We climbed the stairs, and he pointed to where he'd parked, at a not quite legal spot near a corner. We climbed into his Toyota. “Marlene's having lunch with some people.” His wife.

“What about Leah?” His daughter.

“Away for the summer. She's working at a hotel in the Adirondacks.”

“That sounds good.”

“Maybe.” There has long been something sad about Stephen. He made Leah's summer job sound as if it had just the remote possibility of tragedy, as if his only source of information about the Adirondacks was Theodore Dreiser. The terrorist attacks of September 11, a month later, didn't change Stephen, though he can't stop talking about them. For him, everything that happens successfully does so by an unlikely accident. I've fought and argued with him on that subject much of my life, but that day in August, settling into his car, for a moment I gave up trying to be the successful sister and wished I'd shared his almost Eastern European pessimism all along. I could say, “I'm having my heart broken, but hearts are often broken.” Instead I was Daisy Busy, with my calendar full of foolish plans and projects—connections that existed, apparently, to hurt me.

But being me, I soon began, a little defensively, to tell Stephen what I'd been up to. I described working for Gordon, and the conference—the aspect of Gordon that was going reasonably well. “Off and on all summer,” I said as we parked in his driveway and went into his little brick house with its patch of grass, “I've been quarreling with Skeetling about Malik Jones.” I explained who Jones was—the young black man killed by an East Haven cop in a car chase. “Skeetling says it isn't murder, but plenty of people think it's almost as bad.” I told Stephen about the police report I'd read. There had been a report of reckless driving, and the officer had pursued two boys (both high on drugs, one out on bail) into New Haven, where he cornered them in a vacant lot. Jones backed the car toward the cop when he approached on foot. So the cop fired. All the witnesses said he had to fire—once things had come to that point—but nobody thought the chase made sense.

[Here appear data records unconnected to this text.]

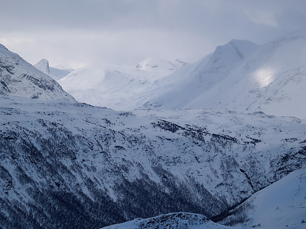 Så bare for å roe deg ytterligere, her kommer et til fra samme tur/kveld. Men her skal jeg røpe hva du ser: Hestbrepigg Vestre/2139, sett tversover både Visdalen og Bøverdalen. Merk reinsdyrtråkket over snøflatene...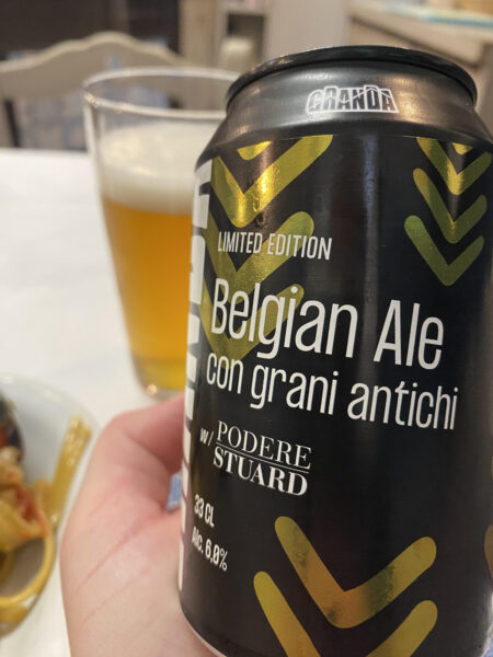 Dato che ero ormai entrato nel mood, sfidando quasi gli abbinamenti, come primo piatto ho scelto le Linguine alla Carbonara con cozze, vongole, calamari, gamberi, uova e pachino. E qui abbiamo alzato l’asticella con una Belgian Ale dai grani antichi del Birrificio della Granda, che andava ad attenuare il gusto deciso delle linguine in maniera delicata, senza annientarlo completamente.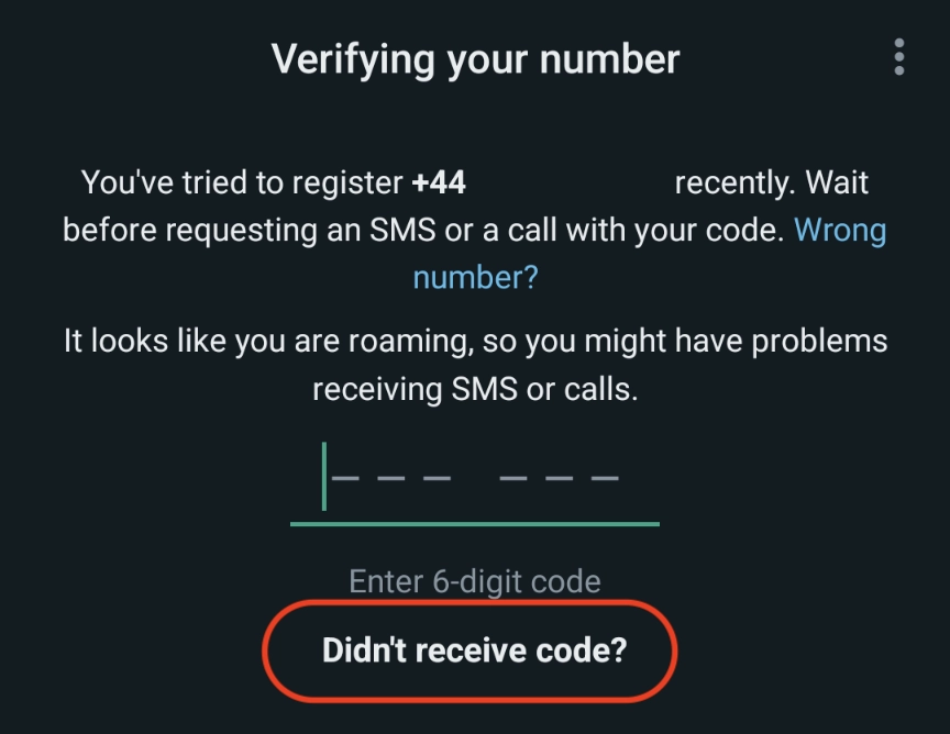 Якщо ви не отримуєте SMS від WhatsApp на сторінці реєстрації, спочатку спробуйте натиснути кнопку "Не отримали код?", а потім "Повторно надіслати SMS".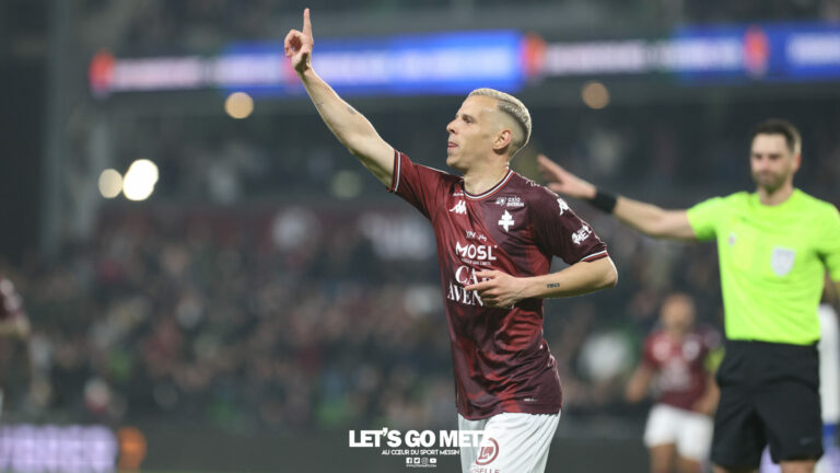 1,7K Le FC Metz a remporté son duel face à l’ESTAC. Une victoire 2-1 qui propulse provisoirement les Grenats en tête du championnat mais qui va laisser des traces. Le FC Metz devait l’emporter ce vendredi soir face à l’ESTAC pour continuer sa course folle vers la remontée directe. Dans un stade Saint Symphorien très bien garni pour l’occasion, les Grenats ont fait le job et l’ont emporté 2-1, au terme d’un match tendu et au dénouement stressant, grâce à des buts magnifiques de Gauthier Hein et Ablie Jallow. Privés de Benjamin Stambouli, touché à une cheville et remplacé par Alpha Touré, les hommes de Stéphane Le Mignan se sont sortis du piège troyen, non sans mal, et y ont laissé des plumes. Dominateurs, les joueurs du club à la Croix de Lorraine ont terminé la rencontre à neuf suite à l’expulsion de Koffi Kouao et à la blessure de Joël Asoro. Une belle opération malgré tout et un succès qui permet au FC Metz de se hisser provisoirement en tête du championnat en attendant le résultat de Lorient. De Gauthier Hein jaillit la lumière Ce sont les Troyens qui se montraient les plus dangereux dès le coup d’envoi avec un jeu rapide en transition et une première frayeur devant les cages d’Arnaud Bodart (2′). Alors qu’on les attendait plutôt bas sur le terrain, les hommes de Stéphane Dumont osaient un pressing haut pour empêcher les Grenats de développer leur jeu. Des velléités qui n’allaient pas durer bien longtemps. Au quart d’heure de jeu, les Messins prenaient le contrôle du ballon et s’installaient dans le camp de l’ESTAC. Une domination toute relative pour les protégés de Stéphane Le Mignan qui semblaient avoir toutes les peines du monde à passer le bloc compact de Troyes. Il fallait attendre la dix-neuvième minute de jeu pour voir Idrissa Gueye déclencher une frappe détournée et captée sans problème par Nicolas Lemaître. Le match tombait dans un faux rythme, difficilement perturbé par quelques débordements de Koffi Kouao ou Matthieu Udol dont les centres donnaient quelques sueurs à la défense troyenne. Ablie Jallow tentait bien d’emballer un peu la rencontre mais son festival ne donnait rien (30′). De leur côté, les joueurs de l’ESTAC semblaient bien décidés à casser le rythme et à prendre tout leur temps. Leur double rideau défensif ne laissait guère de doutes sur leur objectif de la soirée. Mais il était écrit que la lumière viendrait de Gauthier Hein. Sur une récupération pleine de détermination d’Alpha Touré, Idrissa Gueye lançait le numéro 7 grenat qui, après une course de quarante mètres, se jouait de son défenseur et fusillait le portier troyen (42′). Un but de patron pour le leader technique du FC Metz qui arrivait au meilleur moment. Faux rythme et dénouement crispant Au retour des vestiaires, les joueurs du club à la Croix de Lorraine emballaient la rencontre. Plus incisifs, plus entreprenants, les Messins semblaient repartir avec la ferme intention de tuer le match. Troyes ne procédait plus que par contres rapides, et se montrait à nouveau dangereux (56′) mais Arnaud Bodart restait vigilant. Comme en première mi-temps, les visiteurs tentaient par tous les moyens de bloquer les assauts grenats et le match retombait doucement mais sûrement dans un rythme saccadé. La rencontre s’équilibrait alors et les Grenats devaient se contenter de gérer leur avance, sans pouvoir développer leur football. Sans refuser le combat, Troyes jouait avec ses armes, un football défensif et des attaques en transition. Alors que le public commençait à angoisser sur chaque contre troyen, un nouveau but de génie allait soulever Saint Symphorien. Sur un mouvement côté gauche initié par Jessie Deminguet, Gauthier Hein prolongeait le centre de Matthieu Udol de la tête et servait Ablie Jallow. Le Gambien contrôlait le ballon et enroulait sa frappe à bout portant pour tromper une nouvelle fois le portier de l’ESTAC. 2-0 et un ouf de soulagement pour les 22076 spectateurs présents. Mais alors que l’on se dirigeait vers une fin de match tranquille, l’ancien buteur messin, Nicolas De Préville, réduisait l’écart (92′) et enflammait à nouveau les esprits. Quelques instants plus tard, sur un énième contre de Troyes, Koffi Kouao se rendait coupable d’un tacle assassin, directement sanctionné d’un carton rouge (96′). De quoi gâcher la fête malgré la très belle opération, d’autant que Joël Asoro, entré en jeu dix minutes plus tôt, devait quitter la pelouse porté par les médecins suite à une vilaine blessure à la cheville. Metz y laisse des plumes, mais Metz passe provisoirement en tête avant le match de Lorient. Les Grenats mettent la pression sur les Bretons avant leur déplacement à Grenoble. La fin de saison tient décidément toutes ses promesses… Les compositions d’équipes :FC Metz : Bodart – Udol, Mboula, Sané, Kouao – Touré (Nduquidi), Deminguet, Jallow (Diallo 87′), Hein – Sabaly (Bokele 87′), Gueye (Asoro 87′)ESTAC Troyes : Lemaître – Diaz, Monfray, Mendes, Gozzi (Boura 66′)- Chavalerin (M’Changana 66′), Diop, Philiponeau (Adeline 79′) – El Idrissy (De Préville 66′), Saïd (Assoumou 72′), Irie Bi Crédit photos : Nicolas Martino – Let’s Go Metz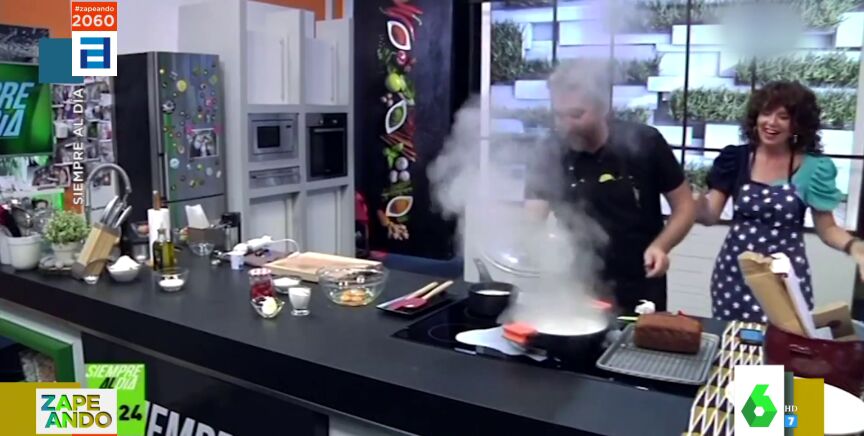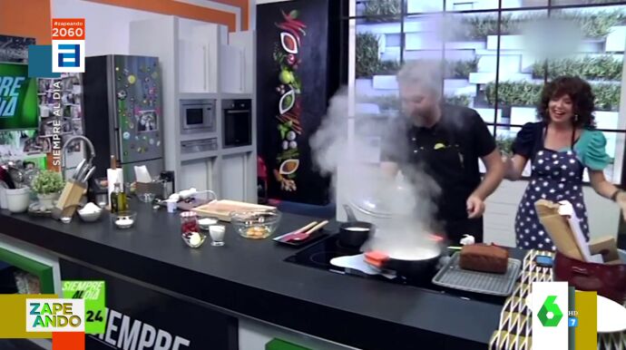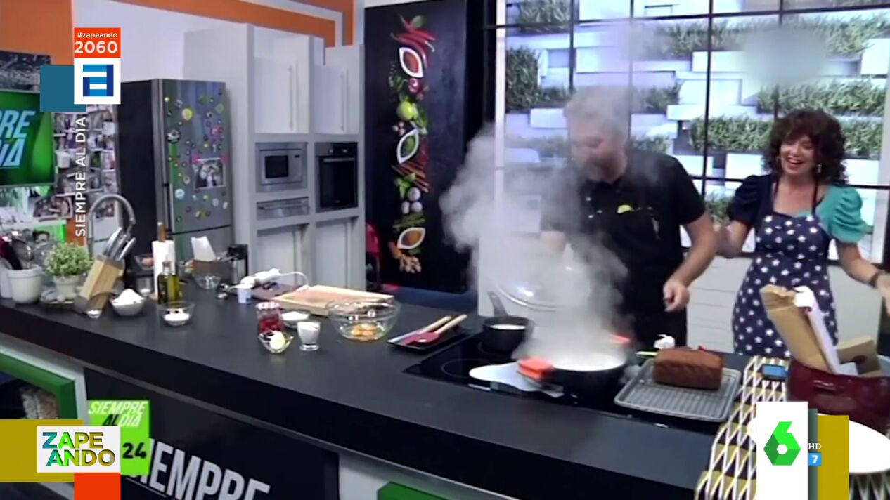 Ha pasado en el programa de Siempre al Día, de la televisión asturiana. El cocinero tenía que responder correctamente a la pregunta '¿Por dónde respiran los insectos?' Mientras cocinaba en pleno directo. Sin embargo, nada pasó como él esperaba y, como bien advierte Thais Villas: "El multitasking no es lo suyo".
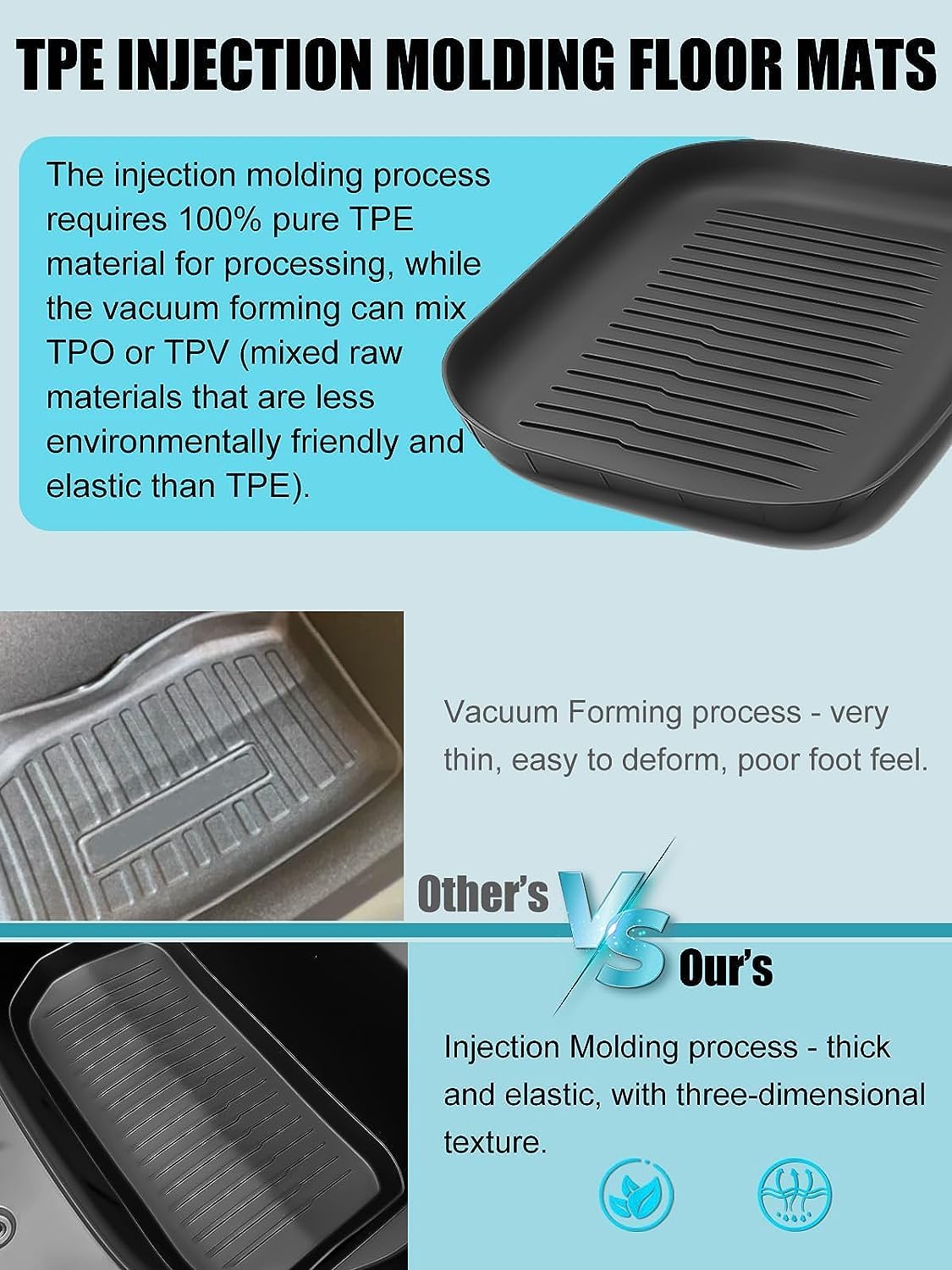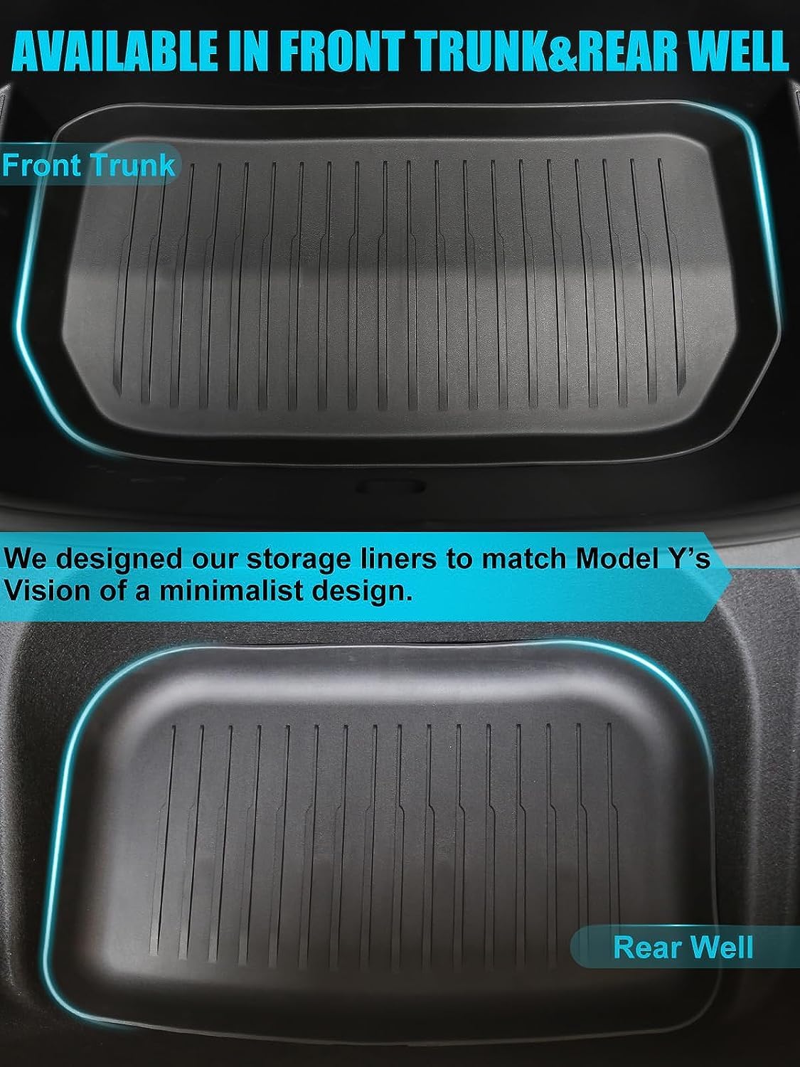 DESLE Tesla Model Y Trunk Mats All Weather Trunk Mats & Trunk Cargo Liners Custom Fit Eco-Friendly,Rubber Odorless,TPE Material 3Pcs New Model Y 2020-2024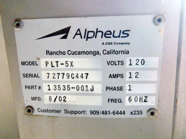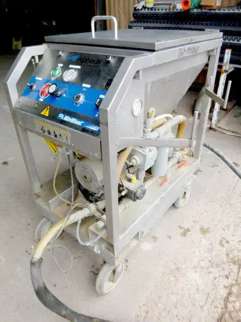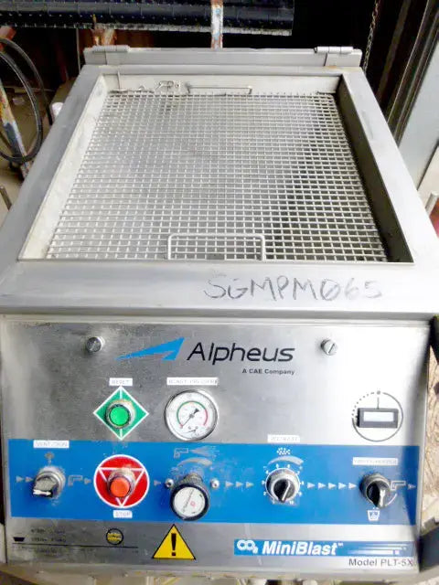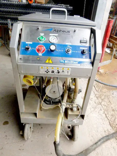 2002 Alpheus PLT-5X CO2 Miniblast™ Dry Ice Cleaner. Model: PLT- 5X. Maximum feed capacity 10 lbs./minute. Electrical requirement: 120V, 12 amps, 60 Hz, 1 phase. Features include: stainless steel construction, available blasting pressures from 20-120 PSI using wands with of either 1 or 2 inch wide openings with a 12 inch extension available for either. Approximate length of hose is 900 ft.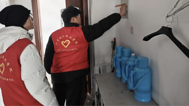 检查现场,师生检查组秉持“不漏一间、不查一处、不留一丝隐患”的严谨态度,逐间开展拉网式排查。教师牵头统筹排查重点,学生骨干协助检查电源插座、电器使用,共同排查安全隐患。针对离校宿舍,师生协同完成统一断电、关闭水电总阀等操作,从源头杜绝火灾、漏水等安全事故;同时合力清理宿舍阳台、卫生间等卫生死角,确保宿舍保持干净整洁,为同学们返校生活奠定良好基础。

“I know it's not murder, technically,” I said. “I don't know why I'm so interested.”

We went inside. I hadn't been there in years. Usually I saw Stephen in New Haven, and now and then we'd met in the city. As a clutter professional, I was struck by clutter's absence. Gray or brown chairs stood with space around them, as if they made do for larger pieces. Stephen had bought food for our lunch: Dr. Brown's black cherry soda, bagels, lox, and cream cheese. He set about feeding me.

“Usually, when there's a murder,” I said, returning to my subject, while Stephen unwrapped lox and forked it onto a plate, “it's all over and nobody can reconstruct it, not really, not even the killer. But Malik's death was witnessed. The death was not yet, and not yet, and not yet—and then it was. Everyone had time to become afraid, but it happened anyway.”